In Python is
a,b = b,a
more efficient than
temp = a
a = b
b = temp
? How does that it work internally?
It's trivially faster as an implementation detail, but not enough to make a meaningful difference in most programs. It's faster because it avoids a STORE/LOAD pair of operations in favor of a ROT_TWO instruction, which is used after loading both source variables onto the program stack, to flip the order of the top two elements of the stack before STOREing back normally.
As noted, the speed up is trivial (in a few trials, the swap was faster than the explicit temporary, but only by a matter of single digit nanoseconds, which almost never matters), but it's cleaner to read the obvious swap, so people tend to prefer it when it's needed.

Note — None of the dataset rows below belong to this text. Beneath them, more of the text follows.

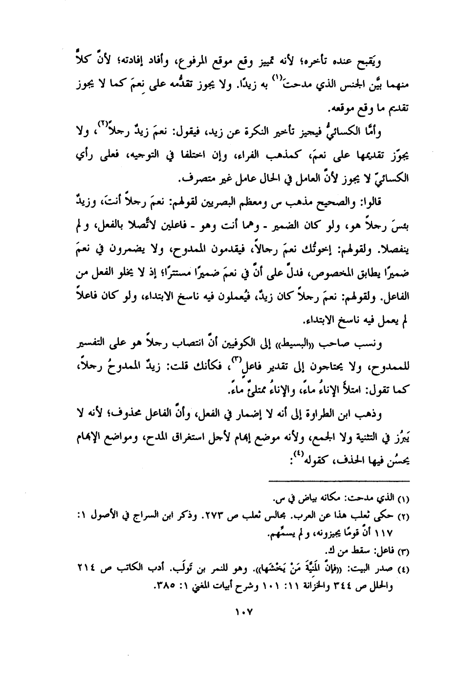 ونسب صاحب «البسيط» إلى الكوفيين أنَّ انتصاب رجلاً هو على التفسير للممدوح، ولا يحتاجون إلى تقدير فاعل، فكأنك قلت: زيدٌ الممدوحُ رجلاً، كما تقول: امتلاَ الإناءُ ماءً، والإناءُ ممتلئٌ ماءً.
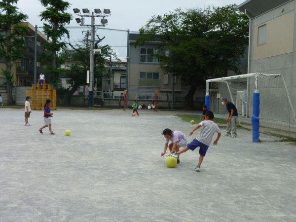 6月とは思えない晴天と猛暑が続いていましたが、今日はようやくこの時期らしい曇天です。気温は昨日までよりはやや低めですが、校庭は蒸し風呂のような高湿度。子供たちは頬を真っ赤にしながらも元気一杯に遊びました。
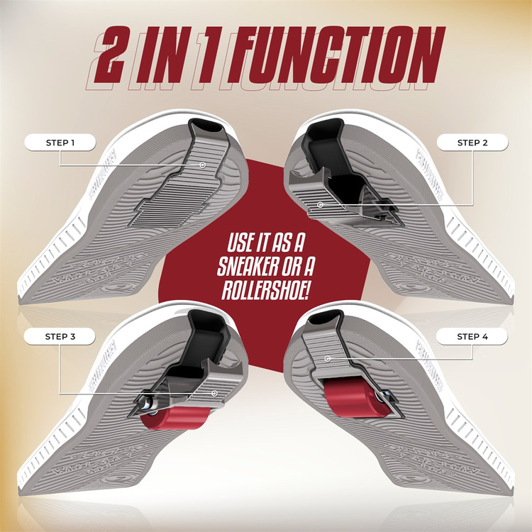 Opatentowany system kółek umożliwia niższe umieszczenie koła, co ułatwia utrzymanie stóp w pozycji równoległej do ziemi. Rolki ukryte w sneakerach to świetny i nowoczesny sposób na dyskretne przenoszenie ze sobą swoich śmigaczy w dowolne miejsce! Złap każdy zjazd z górki jaki znajdziesz na swoich heely’ch od Breezy Rollers!
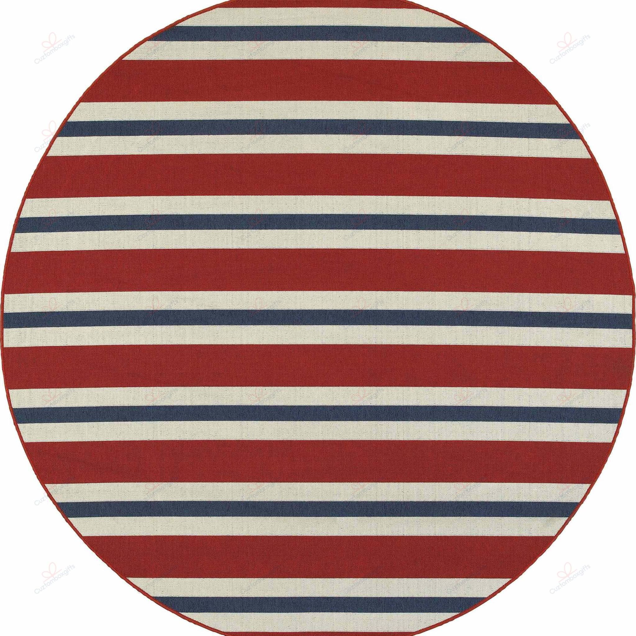 Americana Striped Red And Blue Round Carpet Floor Rug Living Room Bedroom Decor Round Area Rug Carpet
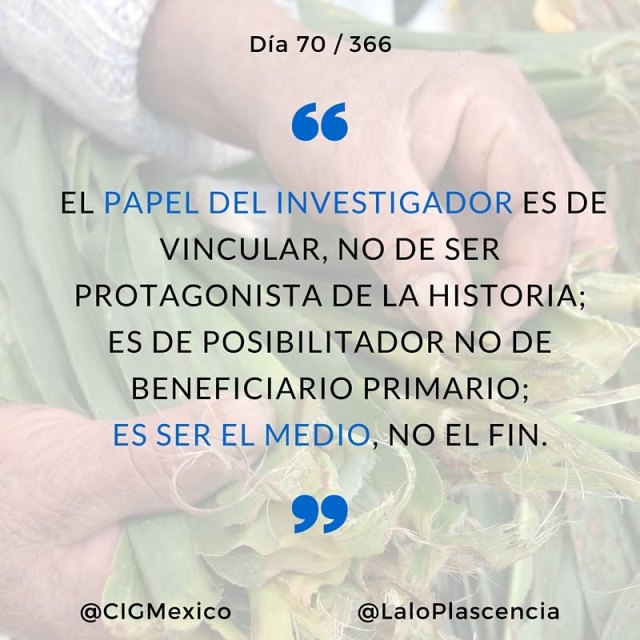 Lo trascendental de la Vinculación es que se genera un proceso de empoderamiento para aquellos que ostentan el conocimiento: los campesinos, productores, gente ajena al ambiente socioeconómico que consume dicha información pueden tener la oportunidad de abrirse nuevos mercados o reportar beneficios a mediano y largo plazo. El papel del investigador es de Vincular, no de ser protagonista de la historia; es de posibilitador no de beneficiario primario; es ser el medio, no el fin.
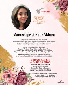 Our family humbly invites you to join us in prayer as we remember and honour Maniishapriet’s beautiful life.
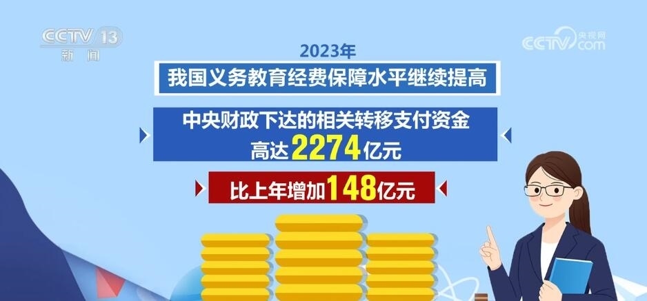 2023年,我國(guó)義務(wù)教育經(jīng)費(fèi)保障水平繼續(xù)提高,中央財(cái)政下達(dá)的相關(guān)轉(zhuǎn)移支付資金高達(dá)2274億元,比上年增加148億元。2023年,一系列義務(wù)教育重大工程項(xiàng)目繼續(xù)實(shí)施,讓中小學(xué)辦學(xué)條件不斷優(yōu)化。其中,義務(wù)教育薄弱環(huán)節(jié)改善與能力提升項(xiàng)目中央安排330億元,支持各地義務(wù)教育學(xué)校標(biāo)準(zhǔn)化建設(shè)。

For the internals, the dis module is helpful:
>>> import dis
>>> dis.dis('a, b = b, a')
1 0 LOAD_NAME 0 (b)
2 LOAD_NAME 1 (a)
4 ROT_TWO
6 STORE_NAME 1 (a)
8 STORE_NAME 0 (b)
10 LOAD_CONST 0 (None)
12 RETURN_VALUE
>>> dis.dis('temp = a; a = b; b = temp')
1 0 LOAD_NAME 0 (a)
2 STORE_NAME 1 (temp)
4 LOAD_NAME 2 (b)
6 STORE_NAME 0 (a)
8 LOAD_NAME 1 (temp)
10 STORE_NAME 2 (b)
12 LOAD_CONST 0 (None)
14 RETURN_VALUE
You can see that the swap takes one fewer bytecode instructions, as well as executing more of the same instruction in a row (which may help cache utilization a tiny bit). The exact instructions differ based on where you execute it (_NAME might be _FAST or _GLOBAL or the like), so there might be more performance gains to be had when the instructions are more expensive (my microbenchmark was for function locals which use _FAST instructions that have the least overhead; running in global scope would probably make swapping a titch faster relatively speaking). But again, it's all trivial in the face of the choice of shorter, cleaner code vs. longer, uglier code.